• TASK BRIEF: Among the records that follow, set down only the lines from the one containing "Mangler teenageren derhjemme" to the one containing "Призывной посох. Призывает", both included, exactly.

• INFORMATION:
►

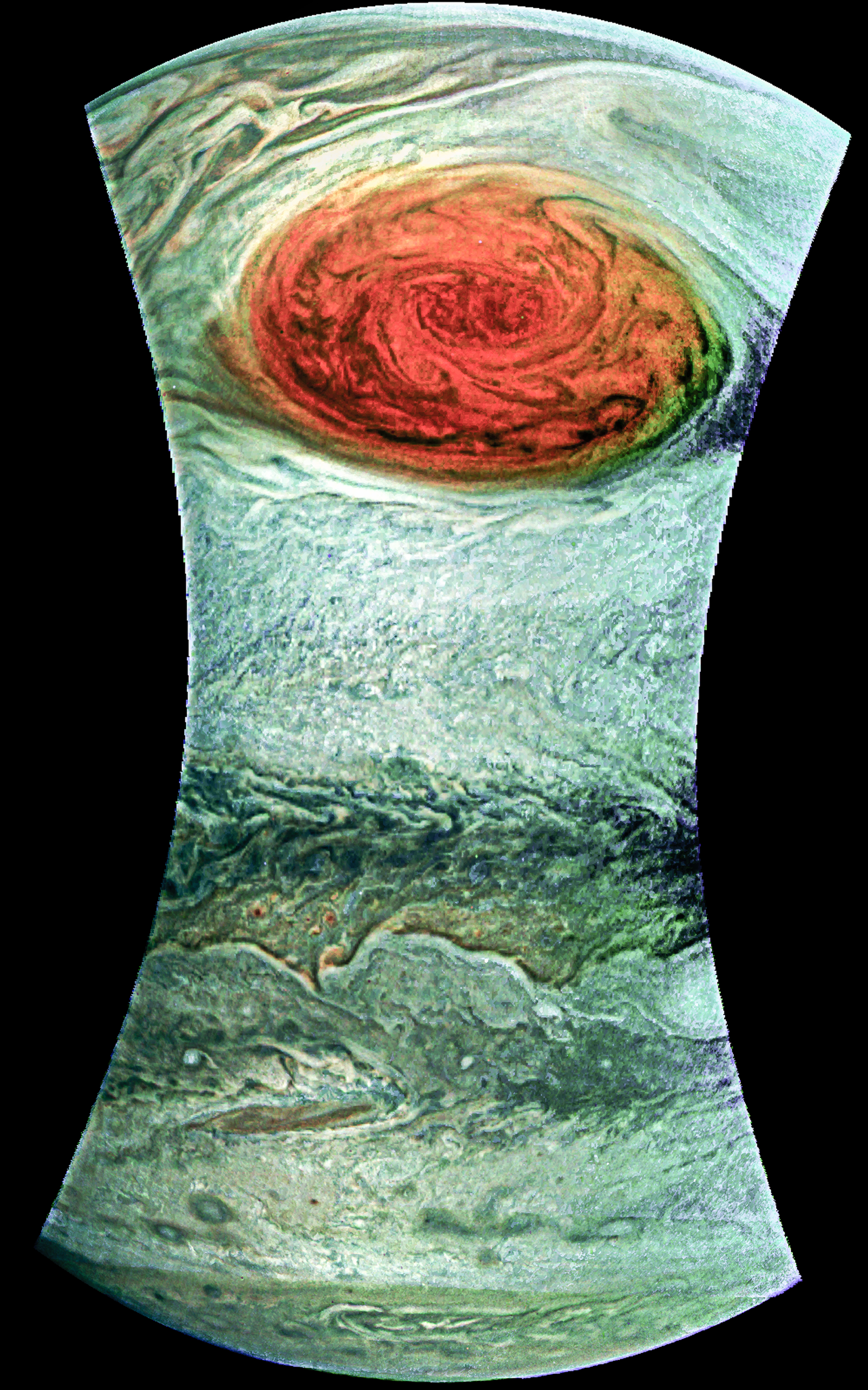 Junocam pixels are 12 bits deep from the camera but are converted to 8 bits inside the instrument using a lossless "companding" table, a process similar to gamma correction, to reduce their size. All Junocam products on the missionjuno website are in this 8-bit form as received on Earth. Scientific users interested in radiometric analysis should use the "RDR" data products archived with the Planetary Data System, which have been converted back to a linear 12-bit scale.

◄
►

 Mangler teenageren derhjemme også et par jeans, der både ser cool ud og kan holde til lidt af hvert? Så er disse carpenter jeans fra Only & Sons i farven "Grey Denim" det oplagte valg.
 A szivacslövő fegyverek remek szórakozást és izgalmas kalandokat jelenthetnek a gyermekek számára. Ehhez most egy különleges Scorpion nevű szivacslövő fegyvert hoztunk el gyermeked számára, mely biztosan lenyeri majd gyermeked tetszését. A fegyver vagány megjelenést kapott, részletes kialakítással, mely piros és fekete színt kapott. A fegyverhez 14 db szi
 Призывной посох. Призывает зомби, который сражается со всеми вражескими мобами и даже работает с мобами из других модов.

◄

• ANSWER AREA:
 Mangler teenageren derhjemme også et par jeans, der både ser cool ud og kan holde til lidt af hvert? Så er disse carpenter jeans fra Only & Sons i farven "Grey Denim" det oplagte valg.
 A szivacslövő fegyverek remek szórakozást és izgalmas kalandokat jelenthetnek a gyermekek számára. Ehhez most egy különleges Scorpion nevű szivacslövő fegyvert hoztunk el gyermeked számára, mely biztosan lenyeri majd gyermeked tetszését. A fegyver vagány megjelenést kapott, részletes kialakítással, mely piros és fekete színt kapott. A fegyverhez 14 db szi
 Призывной посох. Призывает зомби, который сражается со всеми вражескими мобами и даже работает с мобами из других модов.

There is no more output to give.